The provisions are mandatory in nature and must be strictly complied with. They are not
punitive in character. The object of detention of judgment-debtor in a civil prison is
twofold. On one hand, it enables the decree-holder to realise the fruits of the decree
passed in his favour; while on the other hand, it protects the judgment-debtor who is not
in a position to pay the dues for reasons beyond his control or is unable to pay.
[ii] Therefore, mere failure to pay the amount does not justify arrest and detention of the
judgment-debtor inasmuch as he cannot be held to have neglected to pay the amount to
the decree-holder.
Where the decree is for the payment of money, it can be executed by arrest and
detention of the judgment debtor.[iii] Likewise, in case of a decree for specific
performance of contract or for injunction, a judgment debtor can be arrested and
detained.[iv] Again, where a decree is against a corporation, it can be executed with the
leave of the court by detention in civil prison of its directors or other officers.[v]
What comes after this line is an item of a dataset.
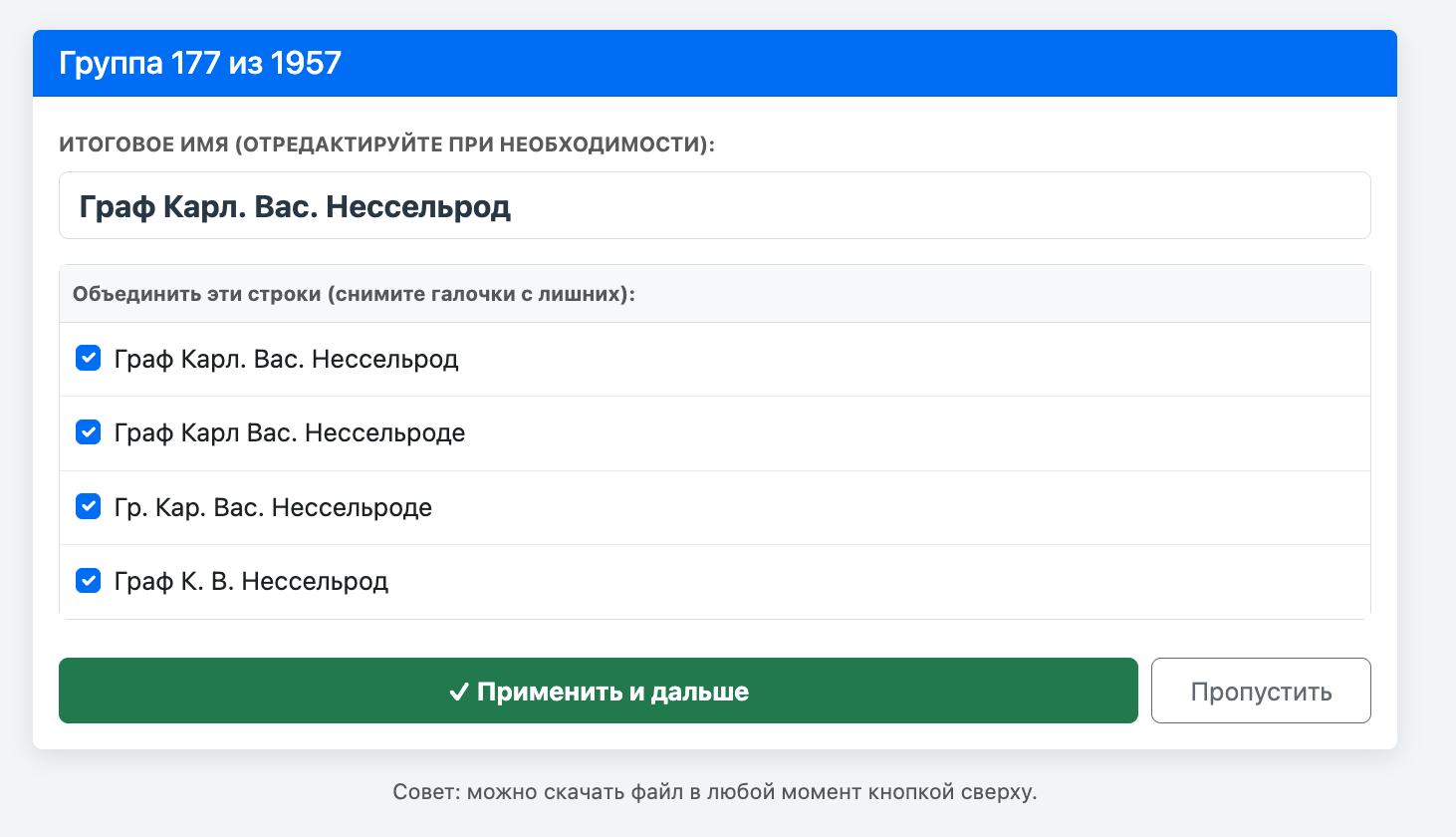 Дальше пришлось объединять или пропускать потенциальные совпадения (тысячи их! но несравнимо быстрее, чем через найти-заменить в Excel), время от времени варьируя степень "возможной похожести". Результат оказался достаточно удобоваримым. Вряд ли удалось объединить всех и вся (например, М. Голицын и Михаил Николаевич Голицын — это один и тот же человек, или нет; такие неочевидные варианты пропускались), но осмысленности и структурности в таблице стало на порядки больше.

The simple default to discharge is not enough. There must be some element of bad
faith beyond mere indifference to pay, some deliberate or recusant disposition in the
past or alternatively, current means to pay the decree or a substantial part of it. The
provision emphasises the need to establish not mere omission to pay but an attitude of
refusal on demand verging on dishonest disowning of the obligation under the decree.
Here, a consideration of the debtors other pressing needs and straitened circumstances
will play prominently. We would have, by this construction, sauced law with justice,
harmonised Section 51 with the covenant and the Constitution.
It was ultimately propounded:
It is too obvious to need elaboration that to cast a person in prison because of his
poverty and consequent inability to meet his contractual liability is appalling. To be poor,
in this land of daridra narayana, is no crime and to recover debts by the procedure of
putting one in prison is too flagrantly violative of Article 21 unless there is proof of the
minimal fairness of his wilful failure to pay in spite of his sufficient means and absence
of more terribly pressing claims on his means such as medical bills to treat cancer or
other grave illness. Unreasonableness and unfairness in such a procedure is inferable
from Article 11 of the covenant. But this is precisely the interpretation we have put on
the proviso to 51 of CPC and the lethal blow of Article 21 cannot strike down the
provision, as now interpreted.[xv]
Recording of Reasons
The Court is required to record reasons for its satisfaction for detention of the judgmentdebtor. Recording of reasons is mandatory. Omission to record reasons by the court for
its satisfaction amounts to ignoring a material and mandatory requirement of law[xvi].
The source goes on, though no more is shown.